The US Postal Service has one price shipping. (If it fits, it ships.) At the post office the price for a T-shirt sized envelope or box is $4.95. Or if you purchase the postage online www.usps.com the price is $4.75. This price is good for any US address, including territories like Puerto Rico and Guam.


----------



## dwwilli (Jun 1, 2011)

TerryCombs said:


> The US Postal Service has one price shipping. (If it fits, it ships.) At the post office the price for a T-shirt sized envelope or box is $4.95. Or if you purchase the postage online www.usps.com the price is $4.75. This price is good for any US address, including territories like Puerto Rico and Guam.

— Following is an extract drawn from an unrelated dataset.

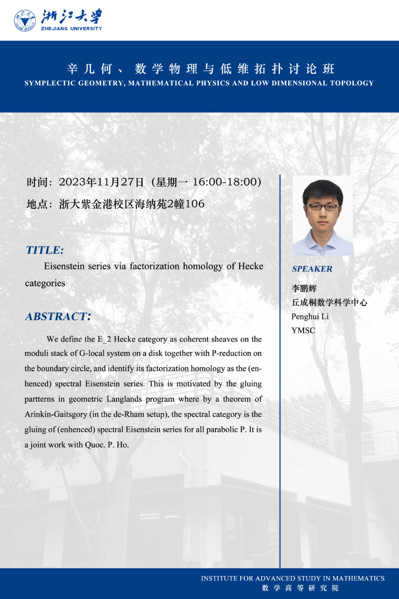 学术科研 学术团队 学术活动 学术会议 学术报告 讨论班 School Colloquium 信息公告 文件汇编 辛拓扑与物理讨论班 华体会在线 > 辛拓扑与物理讨论班——Eisenstein series via factorization homology of Heckecategories 来源:华体会(中国) 发布时间:2023-11-27 295

Ok, I will go to the post office and see if I can get a short to fit into the 4.95 box. Thanks for the answer


----------



## FatKat Printz (Dec 26, 2008)

The Tyvek envelope is not a flat rate envelope and will cost what the amount of the shirt will weigh.
You can order a USPS flat rate priority kit for free. 
.https://shop.usps.com/webapp/wcs/st...viewAll=Y&rn=CategoriesDisplay&WT.ac=10006408 

This way you can see what box will fit a t-shirt in.. the small flat rate box (S-XL) can easily fit in the box. You will need to reinforce it will tape. The Flat Rate envelope regular and legal size I have been able to get at least 2 large t-shirts in there. Also, if you order postage online its cheaper than going to the post office 

sign up for click-n-ship (priority only) PayPal has the option for first class mail w/ delivery confirmation which is about $2 cheaper the Flat Rate Priority and sometimes gets to the destination faster and you have delivery confirmation which is similar to priority tracking


----------



## dwwilli (Jun 1, 2011)

FatKat Printz said:


> The Tyvek envelope is not a flat rate envelope and will cost what the amount of the shirt will weigh.
> You can order a USPS flat rate priority kit for free.
> .https://shop.usps.com/webapp/wcs/st...viewAll=Y&rn=CategoriesDisplay&WT.ac=10006408
> 
> ...


I went to the post office to view the boxes. The small (4.95) box was too small for even a mini shirt. The next size was a medium (10.00), which you could probably fit two XL shirts. Are there different boxed online than what you see if you go to a physical USPS location?


----------



## GN (Aug 1, 2011)

dwwilli said:


> I went to the post office to view the boxes. The small (4.95) box was too small for even a mini shirt. The next size was a medium (10.00), which you could probably fit two XL shirts. Are there different boxed online than what you see if you go to a physical USPS location?


The flat rate envelope is what you can ship 1-2 shirts in for 4.95. Someone suggested receiving the free kit. I second that.

https://www.prioritymail.com/about_priority_mail.asp?id=30103349&ssno=26968


----------



## Nuzzy (Aug 19, 2011)

FWIW, last time we sent out t-shirts (a one time sale item at my day job), we used just a basic poly mailer from U-Line and stamp postage; think it worked out to about $3ish in stamps per, and everyone who ordered got their shirts without issue.


----------



## FatKat Printz (Dec 26, 2008)

dwwilli said:


> I went to the post office to view the boxes. The small (4.95) box was too small for even a mini shirt


You would be surprised how much you can fit in that box. Last time, I used the small box it was $5 online..that's why I switched to the flat rate legal or letter envelope (flat rate $4.95). 

You can do what was suggested and use poly bags from Uline

12 x 15 1/2" Self-Seal Tear-Proof Polyolefin Mailers Bulk Pack S-12909 - Uline

Use PayPal and First Class w/ delivery confirmation (need a scale)


----------